Motivational depiction: How a product or service use visual/implicit cues to convey value, as opposed to relying on explicit claims or experience with the product.
  • Motivational imagery: Using imagery to convey motivational messaging or positive/anticipatory emotional responses to the user.
  • Motivational video: Using video to convey motivational messaging or positive/anticipatory emotional responses to the user.
Preview access: How users can be shown the upside of a product by actually using the product, or some limited part of the product (for example, a free trial, samples).

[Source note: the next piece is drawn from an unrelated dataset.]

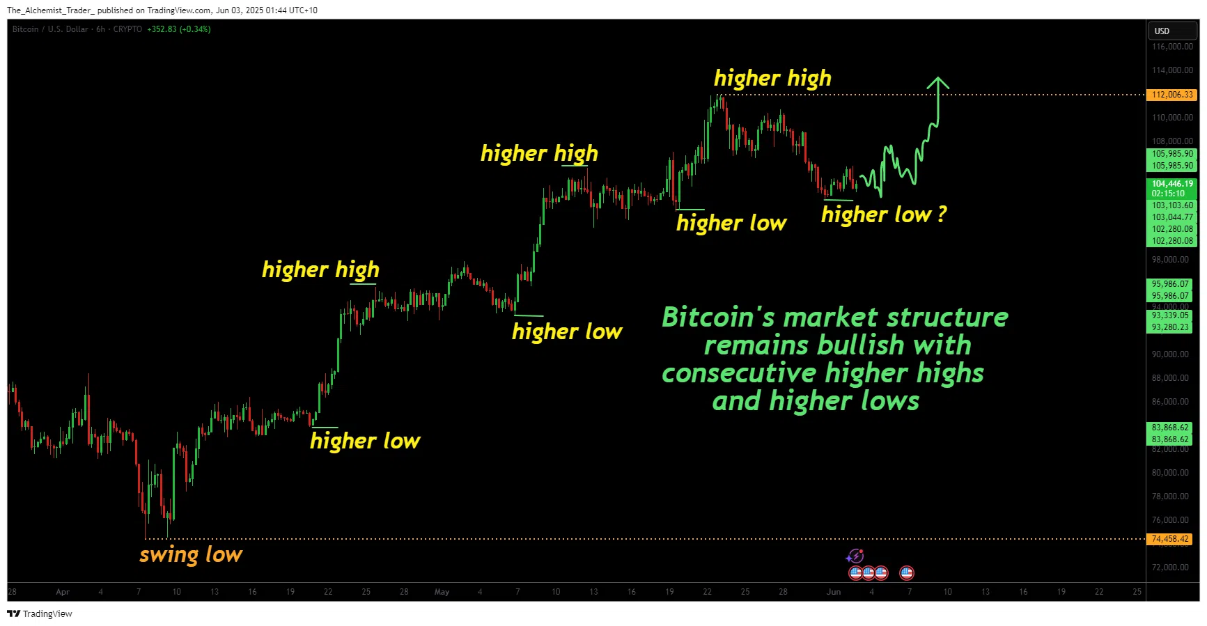 Selama Bitcoin (BTC) bertahan di atas $104.300 dan tetap di atas rata-rata pergerakan 200 hari, struktur pasar bullish tetap utuh. Pengambilan kembali kanal diikuti dengan pemecahan resistensi garis tren akan mengonfirmasi fase bullish berikutnya.
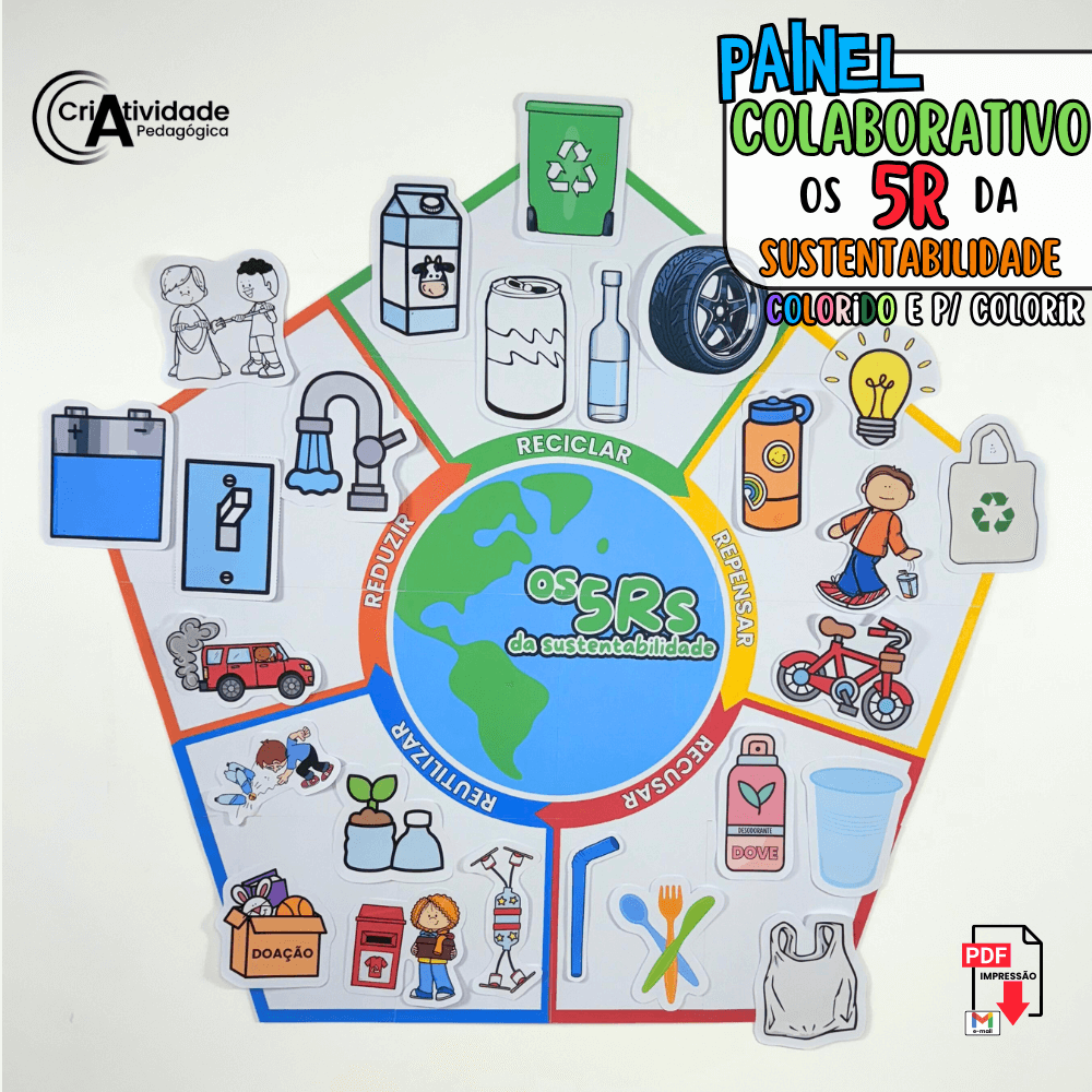 O Painel Colaborativo Os 5R da Sustentabilidade é um arquivo digital que ensina sustentabilidade de maneira prática e envolvente. As crianças colam ações para cada um dos 5R, criando um mural interativo. Promove a responsabilidade ambiental de forma criativa e colaborativa. Perfeito para professores que desejam integrar a educação ambiental nas aulas. Incentive uma nova geração a cuidar do planeta com este painel educativo!

  • Free Trial: Allowing users to experience the quality of a product or service by accessing it in full for a limited time.
  • Limited Preview Content: Allowing users to experience the quality of a product or service by offering some limited part of the service, possibly indefinitely.
Obligation: How users can be made to feel that they "ought" to purchase the product for some reason.
  • Reciprocity: Where users are offered some gesture (for example, discount, freebie) aimed at triggering the intuition to reciprocate the gesture by purchasing.
  • Altruism: A direct appeal to moral obligation—it is about benefits to other people's well-being.
Sociability: When users are led to expect they are gaining a social benefit from the product.
  • Community: Trying to elicit the sense that using a product will give you access to some real or imagined community.
  • Exclusivity: Trying to elicit the sense that using a product or service will give you an edge or superiority over the majority of people.
Urgency: How users are made to feel that they should complete their purchase within their current session, or else risk losing access to the product or paying a higher price.
  • Availability: Urgency based on the idea that failing to purchase quickly will mean missing out on the product entirely.
  • Price change: Urgency based on the idea that failing to purchase quickly will lead to price increases and greater cost in the future.
Product range: How the products available can be presented to make them appear motivationally varied and extensive.
  • New product: Adding a new product or service to serve a product preference or option not currently catered for.
  • Variety: Demonstrating the variety of product options available, whether explicit through copy ("Access thousands of movies and TV shows") or implicit (showing a background image of movie and TV show posters).
Delivery: Motivational content about how the user will receive the product (whether physical or virtual).
  • Delivery Speed: Informing users how quickly they can receive their product, emphasizing fast delivery speeds or short waits.
  • Delivery Ease: Informing users of how easy it is to receive a product, or how discretion may be used upon delivery.
Gamification: Refers to creating a sense of excitement and engagement around continuing to use the product.
  • Immersion: Creating a sense that users are in a different environment from the one they are really in.
  • Progression: Creating a sense that satisfying progress is being made through the "task" of completing the user's desired goals on the site.
  • Competition: Creating a sense that users' level of performance with the product or service is superior to that of others.
Humanization: Presentation of a site/brand as human and friendly to the user.
  • Friendly Language: The use of a friendly or informal tone to elicit a sense in users that the company/product/service is personable and accessible.
  • Human Depictions: The depiction of people as a means to make a company/product/service seem personable and accessible (friendly).
Control: Users feeling a positive sense that the product can be adapted to their preferences.